His new novel, Lost for Words, is a different sort of book: a satirical romp that showcases just one octave of St Aubyn’s keyboard of gifts: his Waugh-like talent for comedy and his unsparing eye for people’s pretensions and self-delusions.In the Melrose novels, the world that St Aubyn so expertly skewered was the high-altitude one of British aristos — preening, narcissistic and obsessed with class. In Lost for Words, it’s the world of literary politics — preening, narcissistic and obsessed with status.

More specifically, the object of satire here is book awards: most notably, the well-known Man Booker Prize, depicted in barely disguised terms as the Elysian Prize.
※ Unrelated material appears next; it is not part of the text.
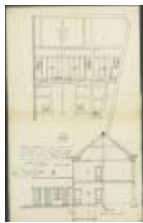
Aerts Fr. hoek Begijnendreef en Hannuitstraat Wijk 4 Sectie Q nr. 480f2, bouwen 3 woningen, 31/3/1905 (BOUW#1905/3914)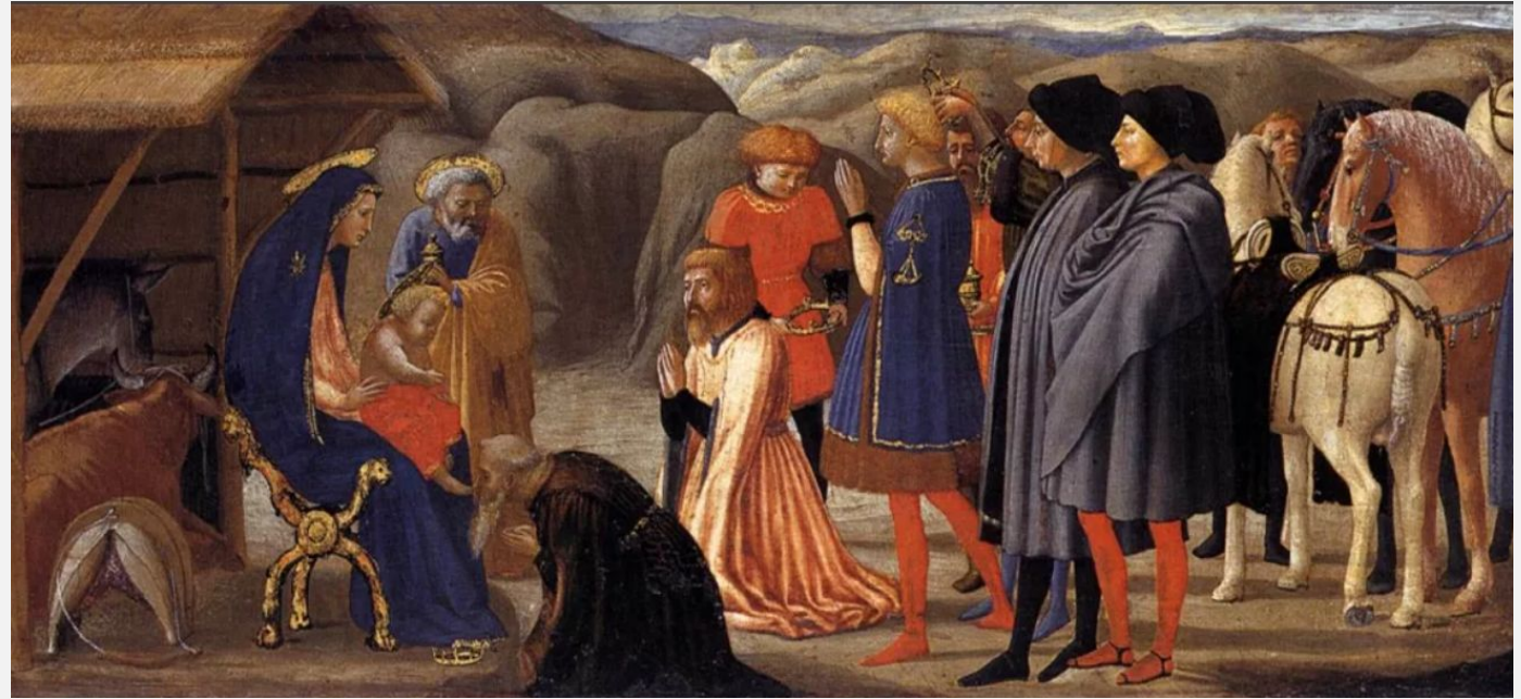
Поклонение волхвов. Мозаччо, 1426

British newspaper writers have suggested that Lost for Words is actually a riposte or act of revenge on the part of St Aubyn, noting that his critically acclaimed 2006 novel, Mother’s Milk, was a front-runner for the Man Booker Prize that year, only to be passed over for The Inheritance of Loss, by Kiran Desai, and that his similarly acclaimed At Last did not even make the Booker’s 2011 longlist. (In a twist the author might enjoy, Lost for Words has just been awarded the 2014 Wodehouse Prize for comic fiction.)

Both the judges on the panel for the Elysian Prize and the hopeful authors of submitted books are sent up here with a light, wicked hand reminiscent at once of Evelyn Waugh and Muriel Spark. The chairman of the prize committee is an obscure member of Parliament named Malcolm Craig, who accepts the post out of boredom with his day job and the hopes that it might secure him “a decent amount of public attention.”

“We want to take the marginalised, and the politically repressed voices from the periphery,” he says, “from what we might call the Outer Hebrides of the literary scenes, and bring them center stage.”

Another judge, Jo Cross, is a high-profile columnist who writes about her husband and children, and who values books with “relevance” to her own readers, above all else. Then there are Tobias Benedict, an actor who’s too busy touring the country playing Estragon in a hip-hop adaptation of Waiting for Godot to read most of the submissions; and Penny Feathers, a former member of the Foreign Office who now writes cheesy thrillers. The only judge with anything resembling legitimate literary credentials is an academic named Vanessa Shaw, regarded as an elitist and defender of the old guard for prizing old-fashioned good writing.

As for the novelists, they’re an equally self-deluding lot. Sam Black, the author of The Frozen Torrent — “a bildungsroman of impeccable anguish and undisguised autobiographical origin” — is obsessively in love with the beauteous and seemingly unattainable Katherine Burns, another writer, who is enraged with her editor and lover, Alan, who through some terrible mix-up failed to submit her novel (Consequences) to the prize committee and instead sent in an Indian cookbook (The Palace Cookbook), written by the regal aunt of another Elysian Prize aspirant, a wealthy panjandrum named Sonny from India, who believes that his magnum opus, The Mulberry Elephant, is destined to win world recognition.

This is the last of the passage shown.